** WHAT YOU ARE ASKED TO DO **
Range to repeat from the listing below: the line containing "注意:若隐藏标题行,则不支持开启预览态筛选。" down to the line containing "Michel Kors pink", both included. Copy it exactly, pictures excluded, and add nothing else.
%%
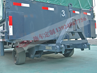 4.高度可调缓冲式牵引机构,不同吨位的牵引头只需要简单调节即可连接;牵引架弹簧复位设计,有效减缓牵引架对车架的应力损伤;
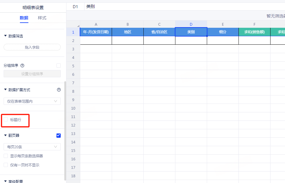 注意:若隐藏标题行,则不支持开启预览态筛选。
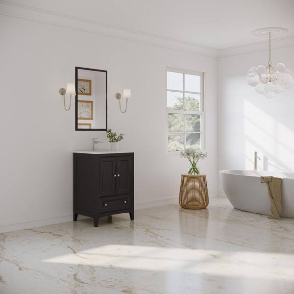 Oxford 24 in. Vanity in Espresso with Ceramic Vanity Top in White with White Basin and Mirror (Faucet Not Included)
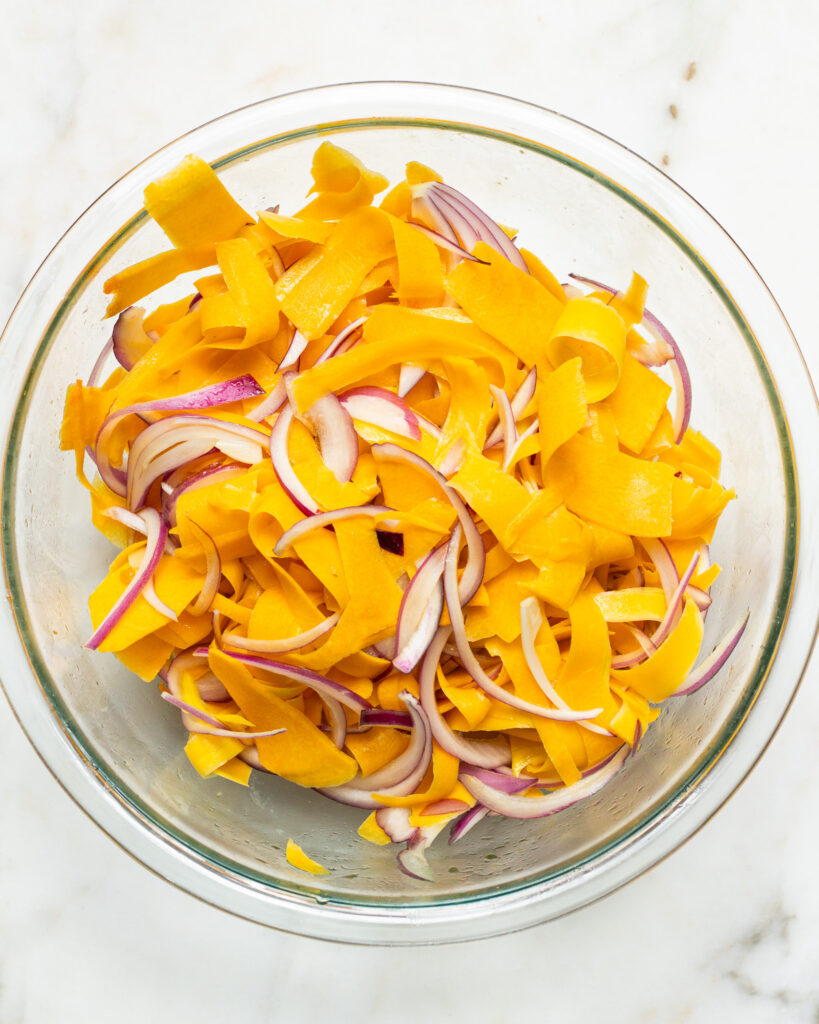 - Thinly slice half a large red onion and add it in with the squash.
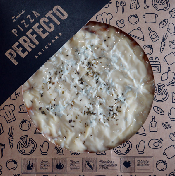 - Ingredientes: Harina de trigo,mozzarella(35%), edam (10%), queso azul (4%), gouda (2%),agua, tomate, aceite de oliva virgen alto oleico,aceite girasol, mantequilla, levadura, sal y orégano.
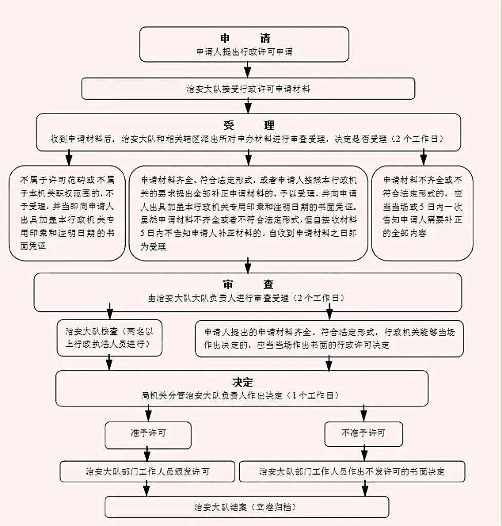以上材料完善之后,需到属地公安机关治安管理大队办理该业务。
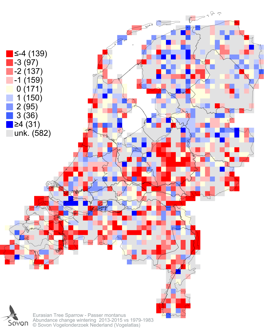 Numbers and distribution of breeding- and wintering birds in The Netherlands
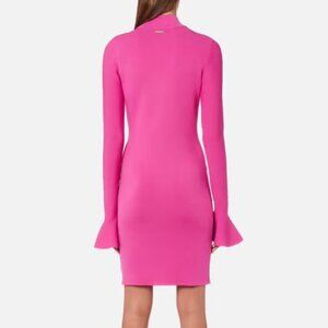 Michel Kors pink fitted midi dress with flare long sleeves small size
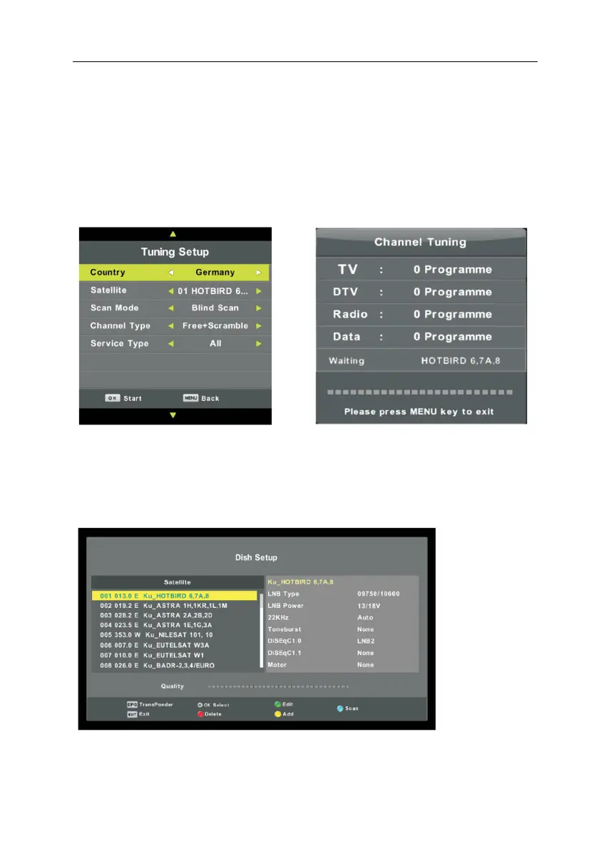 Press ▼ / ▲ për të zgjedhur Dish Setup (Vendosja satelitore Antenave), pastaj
%%
** THE ANSWER **
 注意:若隐藏标题行,则不支持开启预览态筛选。
 Oxford 24 in. Vanity in Espresso with Ceramic Vanity Top in White with White Basin and Mirror (Faucet Not Included)
 - Thinly slice half a large red onion and add it in with the squash.
 - Ingredientes: Harina de trigo,mozzarella(35%), edam (10%), queso azul (4%), gouda (2%),agua, tomate, aceite de oliva virgen alto oleico,aceite girasol, mantequilla, levadura, sal y orégano.
以上材料完善之后,需到属地公安机关治安管理大队办理该业务。
 Numbers and distribution of breeding- and wintering birds in The Netherlands
 Michel Kors pink fitted midi dress with flare long sleeves small size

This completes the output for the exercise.